XXXIII (IV). ЧТОБЫ достичь великого, Ромулу пришлось начать с самого малого. Прежние рабы, свинопасы, раньше, чем сделаться свободными, освободили почти всех латинцев и в одно время заслужили в высшей степени почетные прозвища «убийц рабов», «спасителей родных», «царей народов» и «основателей городов» – не «пришлецов», как Тесей, который составил один город из соединения многих общин и уничтожил много городов, носивших имена древних царей и героев. Ромул сделал то же, но позже. Он заставил неприятелей переселиться, разрушить свои прежние жилища и соединиться с победителями. Прежде всего ему не приходилось ни населять вновь, ни увеличивать города, существовавшего раньше, – он основал новый город и, основав его, приобрел себе землю, отечество, царскую власть, род, жену и родственников. Он никого не убивал, не лишал жизни, напротив, был благодетелем бездомных скитальцев, желавших сделаться гражданами. Он не убивал разбойников и злодеев, но покорил народы силой оружия, завоевал города и отпраздновал свой триумф над царями и вождями.

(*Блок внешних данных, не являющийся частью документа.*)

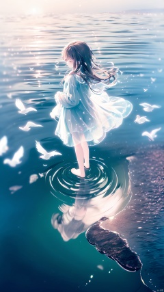 1girl, brown hair, long hair, closed eyes, (above ground), (water surface, reflection, surrounded by white birds), ((from above)), blurry, (full body, wide shot, panorama), (grey background), (shining, fog),,,

XXXIV (V). БЫЛ ЛИ он убийцей несчастного Рема – вопрос нерешенный. Большая часть писателей обвиняет в этом других; все же он спас, как всем известно, от смерти свою мать, своего деда – от позорного, бесславного рабства и посадил его на престол Энея. Много добра сделал он добровольно и никому не навредил даже невольно. Но забывчивость Тесея и его небрежность относительно условия, перемены паруса едва ли найдут, на мой взгляд, горячего защитника, и даже снисходительные судьи едва ли оправдают его от обвинения в отцеубийстве. Этого не мог не понять один аттический писатель, который, видя, как трудно оправдать в этом Тесея его защитникам, сочинил, будто Эгей, желая скорей увидеть приближавшийся корабль, быстро побежал в Акрополь, но поскользнулся и упал. Как будто у царя не было провожатых или, когда он спешил к морю, с ним не было рабов!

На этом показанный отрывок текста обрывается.